Invite them both. If your father does surprise you and RSVP, then…yes, time to pick up the phone and let him know that the family dynamic has shifted in recent months/years (or however long the snubbing has been going on) and that your birth father will be in attendance. If he’s angry, let him know that you’ve indeed avoided inviting your birth father out of respect so far, but since he couldn’t even be bothered to RSVP to your child’s birthday party, you felt it was no longer fair to exclude someone else on his behalf anymore. I’m guessing he won’t take it well, which…will suck, but it will be one of those sucky situations where you at least have the benefit of knowing that it’s really, REALLY not your fault. You simply are stuck with one of those adults in your life who refuses to sack up and ACT like the adult in your life. (Most of us know one or two of those, amirite, peanut gallery?)

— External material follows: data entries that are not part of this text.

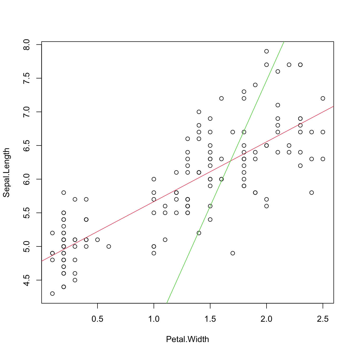 modCen0 <- lm(Sepal.Length ~ 0 + Petal.Width, data = irisCen)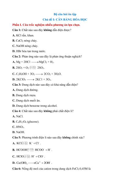 Câu 1: Chất nào sau đây không dẫn điện được? A. KCl rắn, khan. B. CaCl2 nóng chảy. C. NaOH nóng chảy.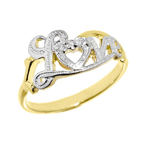 -. Binding : Jewelry -. Brand : Modern Contemporary Rings -. Department : womens -. Feature : fine jewelry band featuring the word "Love" spelled out in cursive letters / exquisitely handcrafted with 14 karat yellow gold in stunning polished finish and embellished with natural white diamond accents / comes with free special gift packaging / made in the USA yet offered at factory direct jewelry P.R.Ice / ships from the manufacturer directly to the customers -. Label : Claddagh Gold -. Manufacturer : Claddagh Gold -. Model : QKE3104 -. MPN : QKE3104 -. PartNumber : QKE3104 -. ProductGroup : Jewelry -. ProductTypeName : FASHIONRING -. Publisher : Claddagh Gold -. Studio : Claddagh Gold -. Title : Dainty 14k Yellow Gold High Polish Diamond Love Script Statement Ring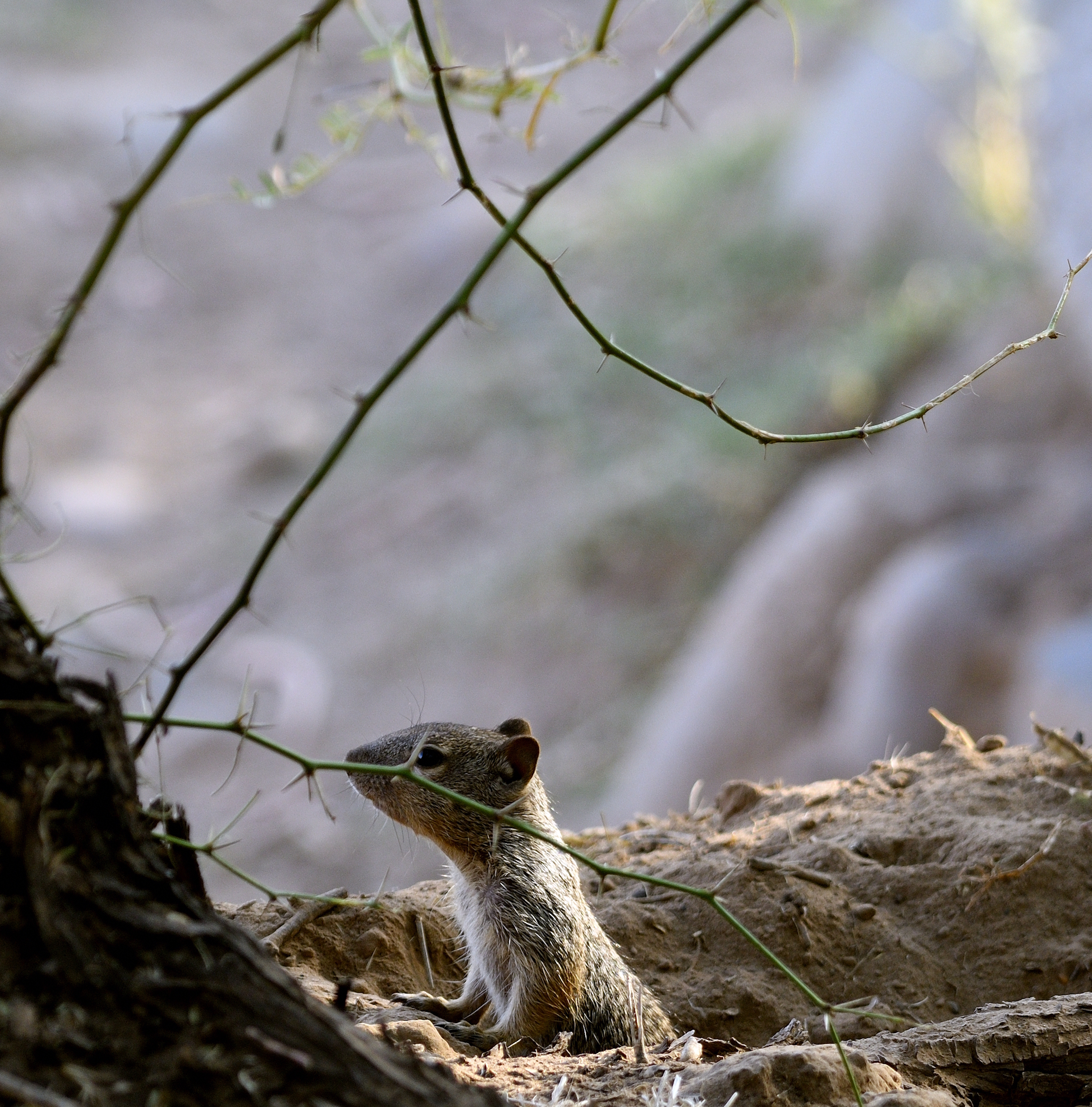 Rock squirrel peering out of it's hiding spot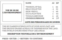 Lors des phases d'exploration, l'environnement s'affiche en trois dimensions avec un rectangle en haut à gauche de l'écran qui affiche ce que voit le groupe, le reste de l'écran étant occupé par des informations textuelles concernant le groupe et la zone explorée[15]. Le joueur peut accéder à des menus pour donner des ordres à ses personnages : utiliser, échanger, acheter ou vendre un objet, parlementer avec un ennemi, et apprendre ou lancer un sort. Il peut observer les déplacements des personnages selon différents angles, incluant une vue aérienne[16]. Le jeu utilise trois versions de chaque sprite pour indiquer la différence de distance qui sépare le groupe des prochaines rencontres[2].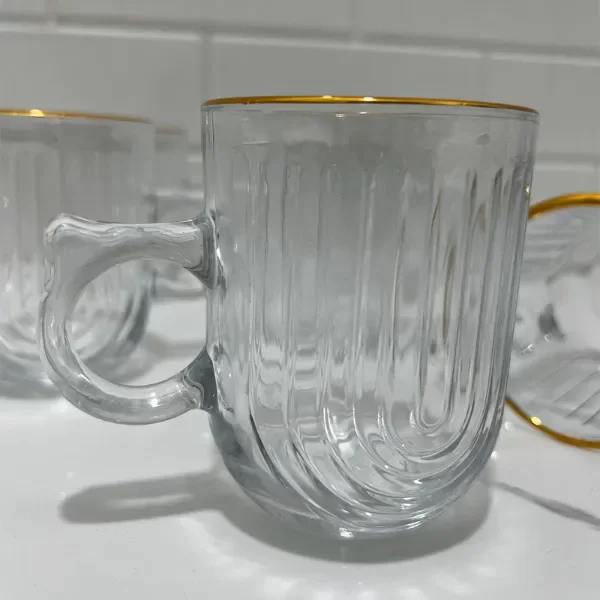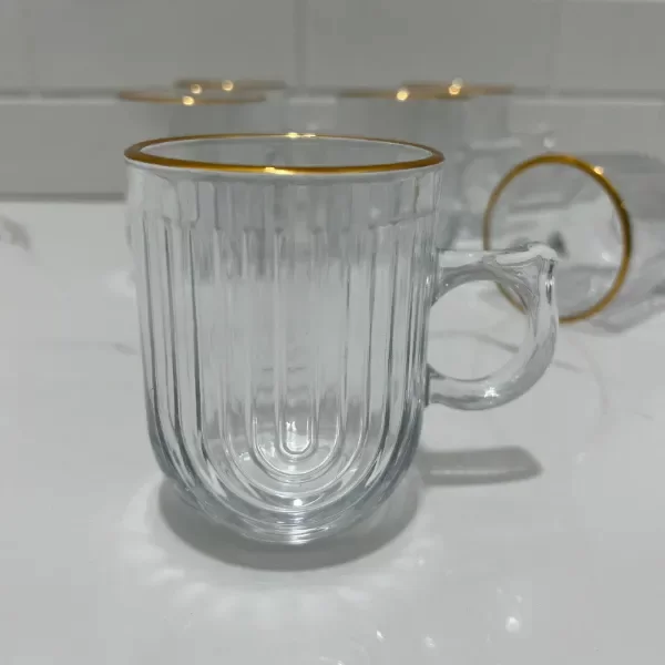 Descubrí la elegancia en cada sorbo con nuestra Taza de Vidrio con Borde Dorado 260ml. Su diseño labrado y el detalle en oro la convierten en la tendencia absoluta de esta temporada.

I suppose the ONLY reason, perhaps, to give your dad one last shot at being the sole dad-figure invite for this party is if you at all suspect some shenanigans going on with previous invites. Like, his wife is the one with the Real Problem With You and is intercepting the mail, and the invites haven’t been personally extended TO HIM, via direct contact on the phone or email or Facebook. (Which…really, other than the phone, it’s also possible that invites can get mysteriously deleted or lost with those other options.)
And if you really, REALLY dread the thought of having that hypothetical post-RSVP conversation with him about your birth father, to the point that you’ll be consumed with guilt and anxiety up until the day of the party in case Dad surprises you and shows up, confronting him before the party might be…well, not easier, but maybe preferable. Send an invite with a set RSVP date, and then call him directly the day after. If he says he’s not coming, you can either 1) say “okay, good to know” before hanging up and thus feeling free to extend the invite to your birth father guilt- and anxiety-free, or 2) force the issue and ask if he’d rather you simply stop trying to include him. Like, “Dad, seriously. What the hell? How long are you planning to have things continue like this? Is this really the relationship you want, for good?”
I don’t even think you’d need to bring up your birth father in this conversation — it’s more about finally figuring out where your relationship with HIM stands. If he protests and swears that oh noooooo, he was totally not snubbing you all those times he was actually totally snubbing you, and really WANTS to be a grandpa and blah blah BS cakes, then…well. I still think your birth father more than deserves to be included, and your dad will need to get over that too, in addition to whatever grudge he’s still carrying around. A tall order, yes, but seriously, I fail to see any reason why a grown-up can’t be expected to ACT LIKE A GROWN-UP. And getting over yourself and seven-year-old spats and hurt feelings is a big part of acting like a grown-up, as is seeing and understanding the benefits of healing old family fractures and wounds for the sake of the newest generation.